Application of kinetic models to study the sorption rate in the ‘ammonium ions–calcined sorbent’ system

Abstract

This study examines sorption kinetics for the extraction of ammonium ions from an aqueous solution under static conditions using 5 g of sorbent. The sorbent was obtained by calcining ash and slag waste accumulated in the ash dump following hydraulic ash removal. The initial concentrations of ammonium ions in the model solutions were 5, 20, 50 and 100 mg/dm3. The volume of the model solution was 50 cm3. For each initial concentration, the kinetic curves of the ammonium ion sorption at the sorption duration of 10, 30, 60, 90, 120, 150 and 180 min were obtained. The kinetic curves were processed using the Lagergren (pseudo-first order), Ho and McKay (pseudo-second order), Morris-Weber (diffusion) and Elovich kinetic equations. It was demonstrated that all kinetic equations adequately describe the experimental data. The linear correlation of the equations was given. The Boyd equation was used to determine the limiting stage in the Morris–Weber model. It was established that the external diffusion mechanism is limiting for the sorption of ammonium ions by a calcined sorbent. The Lagergren model, with a coefficient of determination R2 of 0.9801–0.9949, best described the experimental data on sorption kinetics. Sorption rate curves as a function of the adsorption value and sorption time were given.
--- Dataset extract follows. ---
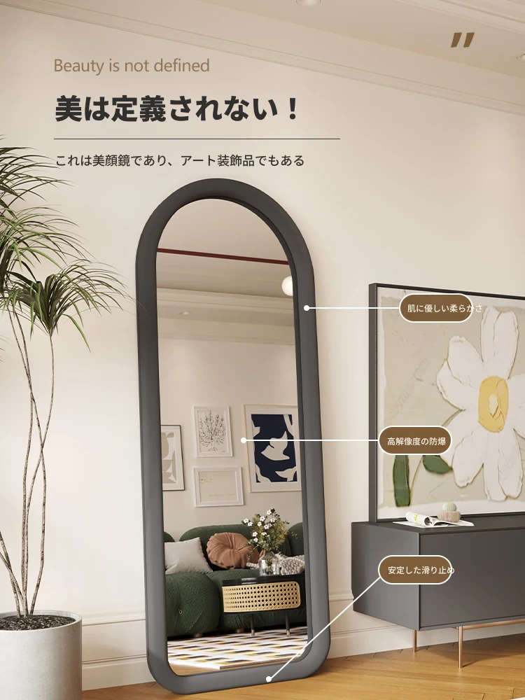 インスタ風全身鏡!落地式の高級感漂う寝室用ミラー。おしゃれな入居者必見!歪みのないリアルな映像で、完璧なコーディネートが楽しめます。あなたのスタイルを引き立てる理想のアイテム!

The latter are described by exponential and polynomial dependence according to the Lagergren model, polynomial dependence according to the Ho and McKay model and exponential dependence according to the Morris–Weber and Elovich models. The sorption rate was the highest at the initial stage of sorption for all dependencies, which is consistent with previous studies on the sorption of pollutants from aqueous solutions using various sorbents.